Chromosomal Instability in Cancer

Development of robust biomarkers enabling the full extent of chromosomal instability dynamics is crucial to leverage its potential for patient stratification and for exploiting this feature for direct therapeutic intervention

Aberrant chromosomal architecture is one of the most common features of cancer genome that often leads to chromosomal instability. In an article published on 3 January 2018 in the Nature Reviews Clinical Oncology, the investigators from the Francis Crick Institute and University College London Cancer Institute led by Charles Swanton describe the principles governing chromosomal instability in cancer, how it might influence sensitivity to immune-checkpoint inhibition and elaborate the vulnerabilities associated with chromosomal instability that offer potential therapeutic opportunities.

Aberrant chromosomal architecture ranges from small insertions or deletions to large chromosomal alterations

Aneuploidy, defined as the presence of an abnormal number of chromosomes, is one of the most striking and widespread features of human cancers. The vast majority of tumours also display various types of somatic copy-number alterations, including segmental aneuploidies, focal events, and/or whole-chromosome aneuploidies.

Considering the most frequent cancers, approximately 60% of non-small-cell lung cancers, 60–80% of breast tumours, 70% of colorectal tumours and 30% of prostate tumours deviate from a diploid karyotype.

Tumours that do not harbour gross aneuploidy often display hypermutation owing to mismatch-repair deficiencies or mutations in DNA polymerase-ɛ and/or DNA polymerase-δ catalytic subunit 1, which might reflect the maximum amount of genetic instability that cancer cells can handle without inducing lethality.

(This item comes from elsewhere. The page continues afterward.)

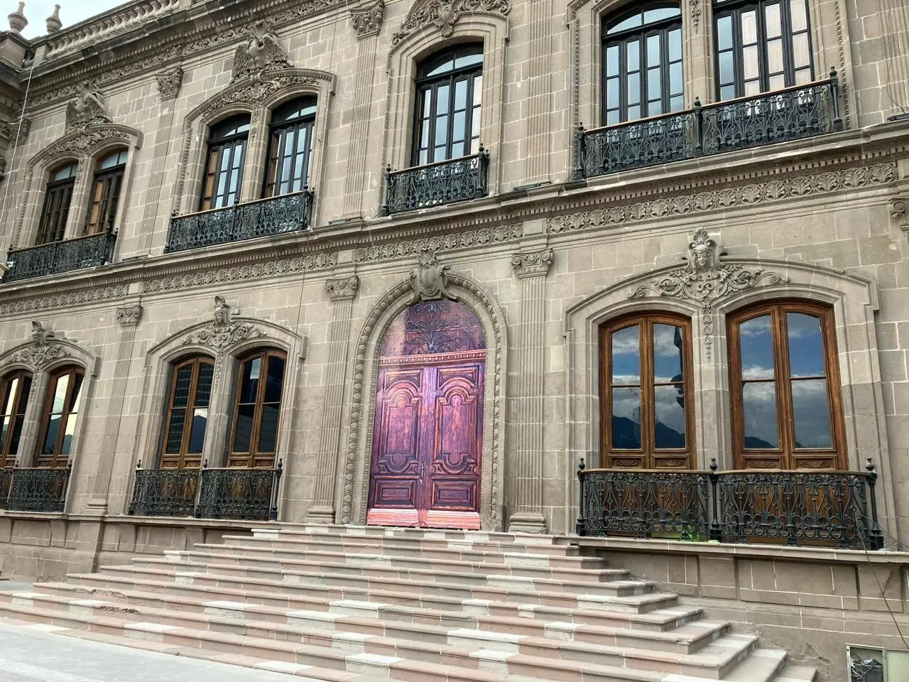 MONTERREY, Nuevo León.- Con unas calcomanías que simulan las antiguas puertas del Palacio de Gobierno, así es como lucen algunas entradas del recinto.

Chromosomal instability refers to the ongoing acquisition of genomic alterations that can involve either a gain or loss of whole chromosomes or structural aberrations, which range from point mutations to small-scale genomic alterations and gross chromosomal rearrangements. However, aneuploidy and chromosomal instability might differ in their prognostic value.

Chromosomal instability underpins intratumoural heterogeneity, resulting in the temporal and spatial diversification of tumour subclones. Chromosomal instability accelerates phenotypic adaptation under selective pressures encountered during tumour evolution and therapy, leading to anticancer drug resistance, treatment failure, disease recurrence and poor clinical outcome.

Identifying novel strategies to modulate chromosomal instability is, therefore, of paramount importance for the successful treatment of cancer. Modern sequencing and analytical methods greatly facilitate the identification and cataloguing of somatic copy-number alterations and offer new possibilities to better exploit chromosomal instability dynamics.

A deeper understanding of the vulnerabilities associated with chromosomal instability and the development of clinically applicable biomarkers are needed both for patient stratification and to leverage new therapeutic opportunities. Tackling chromosomal instability is essential for the success of personalised medicine.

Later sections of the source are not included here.